To be fair, you can show most people a terrible mix and if they're listening on their iPod headphones, they'll think it sounds like like a radio-worthy recording. Many people don't even realize high-quality drum samplers exist.


----------



## Woahdude89 (Jan 20, 2013)

I know this thread is a little old, but I just wanted to point out to those that aren't aware that Steven Slate Drums 4 Platinum kits are NOT processed. The full version still contains a boat load of the processed samples from previous versions, but the new ones are raw. Slate said so himself on the UltimateMetal forums somewhere. But you really do have a lot of options, you can make great custom kits, and the interface is very easy to use/intuitive. If you have the cash to spend on it, I would highly recommend it. I've used the SD2 and the metal foundry and still find that I can get better mixes with Slate samples. That's just one bearded man's opinion! Good luck.


----------



## drmosh (Jan 22, 2013)

WhiteWalls said:


> I would never get Superior Drummer as my first drum software simply because it's way too complicated to use unless you already have a pretty good knowledge of drum mixing, while EZDrummer will certainly get you there with much less effort (check out the expansions beforehand to see which one you like best!)



Sorry, that's total rubbish. Superior comes with a load of presets to get close to where you want to be. 
Not buying something superior (lol) because you don't yet know how to use the features is a waste of money since you invariably want to or inevitably will learn at some point


----------



## Nykur_Myrkvi (Jan 23, 2013)

Andromalia said:


> Uh, the midi is dropped in the DAW and the software reads it, SD can do that.
> EZdrummer is enough for most home uses I'd say.


OK, tried this on my friends Pro tools setup and for some reason only EZDrummer allows him to drag and drop midi. SD just doesn't play it.

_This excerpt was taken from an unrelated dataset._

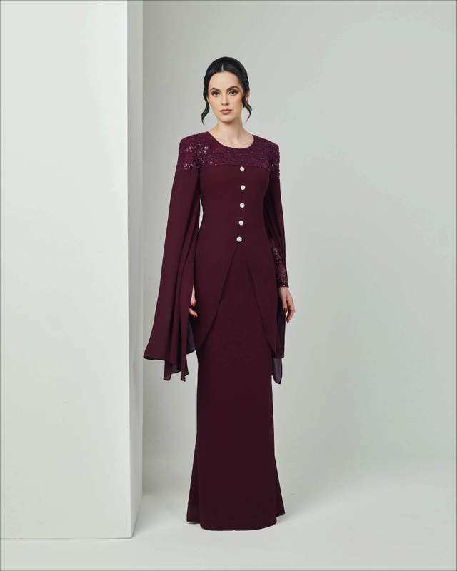 SIPO TIMELESS RAYA 2024 CHIFFON SEQUIN LACE BAJU KURUNG-WINE
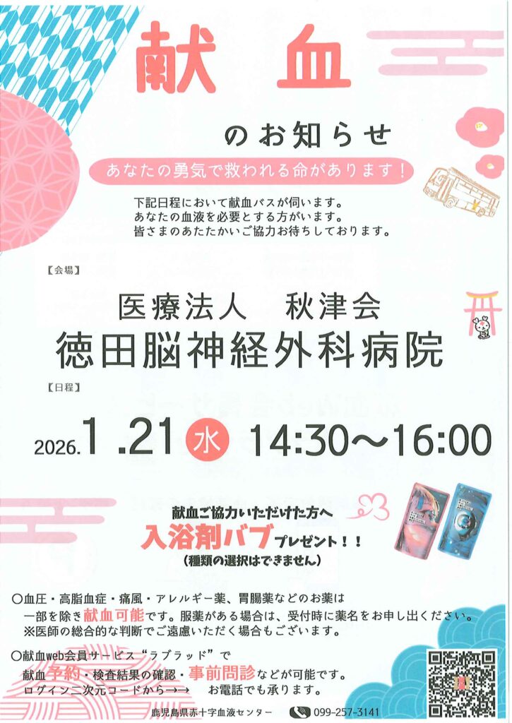 下記の日程において、当院において献血が行われます。みなさまのご協力をお願いいたします。

However I was wondering. I'm recording demos for my band now, using EZdrummer (DFH, mixed a little to sound a bit more human) and we've been thinking about using programmed drums for the full album we're hoping to record in the coming months. 
Would you recommend getting SD up and running (with any particular sample kit?) or work on EZdrummer sounding better? Something else even? 
(Not open to the suggestion of getting a drummer, two years of drummer trouble have left me begging to release these songs)


----------



## Narrillnezzurh (Jan 23, 2013)

SD will offer you quite a bit more versatility than EZD, and it really isn't too hard to get a passable drum mix with all the guides that are out there. I'd recommend SD over EZD any day.


----------



## Nykur_Myrkvi (Jan 28, 2013)

Narrillnezzurh said:


> SD will offer you quite a bit more versatility than EZD, and it really isn't too hard to get a passable drum mix with all the guides that are out there. I'd recommend SD over EZD any day.


But does anyone have any ideas why it might not be reading the MIDI?

I'd love to use SD as I can use it at this friends house but I've tried google-ing this problem but I've found nothing of value. Everyone seems to be able to drag and drop. It's probably something very basic we've overlooked.

Edit: I may have very possibly figured it out...I'll let you know.


----------



## Nykur_Myrkvi (Jan 28, 2013)

Superior Drummer 2.0 driving me insane?

This sounds like it could very well be the same problem I'm having. It shows the hits on the track and if I click a drum it sounds but if I press play nothing happens, no drums.

How do I change the midi channel?


----------



## meambobbo (Mar 4, 2013)

Is manual setup on SD required? IE, if I had a preset I like in EZD, could I not just port that over?


----------